Segment Open
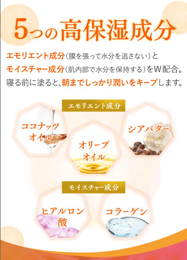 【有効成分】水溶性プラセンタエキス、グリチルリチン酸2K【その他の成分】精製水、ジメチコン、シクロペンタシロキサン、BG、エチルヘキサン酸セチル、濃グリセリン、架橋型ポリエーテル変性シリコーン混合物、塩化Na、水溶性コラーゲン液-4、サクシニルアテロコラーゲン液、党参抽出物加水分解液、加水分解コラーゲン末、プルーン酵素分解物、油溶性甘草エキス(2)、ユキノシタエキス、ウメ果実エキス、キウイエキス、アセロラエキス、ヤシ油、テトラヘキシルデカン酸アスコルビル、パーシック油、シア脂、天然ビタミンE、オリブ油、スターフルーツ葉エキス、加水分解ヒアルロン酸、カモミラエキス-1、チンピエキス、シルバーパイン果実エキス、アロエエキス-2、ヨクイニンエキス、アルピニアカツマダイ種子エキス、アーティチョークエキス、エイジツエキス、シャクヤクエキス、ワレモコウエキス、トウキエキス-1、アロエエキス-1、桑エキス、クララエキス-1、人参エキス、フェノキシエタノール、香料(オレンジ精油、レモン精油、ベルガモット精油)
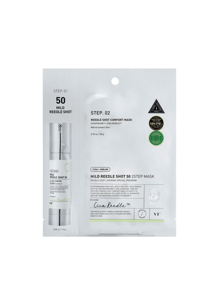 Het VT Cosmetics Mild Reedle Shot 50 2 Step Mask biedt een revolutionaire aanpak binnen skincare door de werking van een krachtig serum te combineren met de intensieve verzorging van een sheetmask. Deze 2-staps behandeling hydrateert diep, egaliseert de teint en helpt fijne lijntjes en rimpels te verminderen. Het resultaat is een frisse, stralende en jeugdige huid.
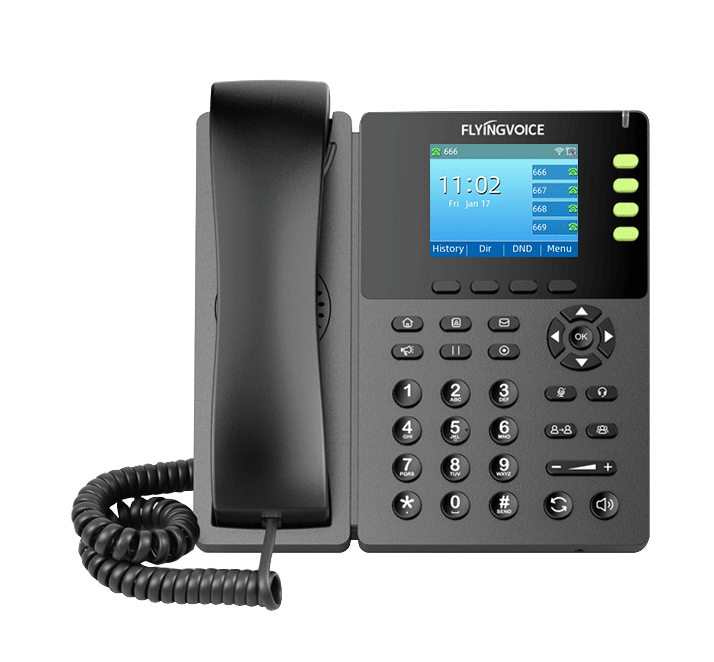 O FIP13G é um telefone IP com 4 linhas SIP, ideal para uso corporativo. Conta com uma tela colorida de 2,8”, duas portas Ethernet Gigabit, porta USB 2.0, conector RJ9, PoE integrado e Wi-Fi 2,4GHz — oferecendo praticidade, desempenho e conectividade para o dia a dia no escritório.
Segment Closed
Segment Open
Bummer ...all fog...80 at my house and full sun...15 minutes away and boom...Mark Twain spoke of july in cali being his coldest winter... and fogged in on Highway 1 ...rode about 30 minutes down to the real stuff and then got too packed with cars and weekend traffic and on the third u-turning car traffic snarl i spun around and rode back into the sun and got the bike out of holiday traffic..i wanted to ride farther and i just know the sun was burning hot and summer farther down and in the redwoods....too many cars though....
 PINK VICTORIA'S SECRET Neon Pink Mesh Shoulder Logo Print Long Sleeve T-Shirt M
Segment Closed
INSTRUCTIONS FOR THE TASK
Using the entries above, write out exactly the lines from the one with "Het VT Cosmetics" through the one with "O FIP13G é um", ends included. Leave out any pictures.

SOLVED PROBLEM
 Het VT Cosmetics Mild Reedle Shot 50 2 Step Mask biedt een revolutionaire aanpak binnen skincare door de werking van een krachtig serum te combineren met de intensieve verzorging van een sheetmask. Deze 2-staps behandeling hydrateert diep, egaliseert de teint en helpt fijne lijntjes en rimpels te verminderen. Het resultaat is een frisse, stralende en jeugdige huid.
 O FIP13G é um telefone IP com 4 linhas SIP, ideal para uso corporativo. Conta com uma tela colorida de 2,8”, duas portas Ethernet Gigabit, porta USB 2.0, conector RJ9, PoE integrado e Wi-Fi 2,4GHz — oferecendo praticidade, desempenho e conectividade para o dia a dia no escritório.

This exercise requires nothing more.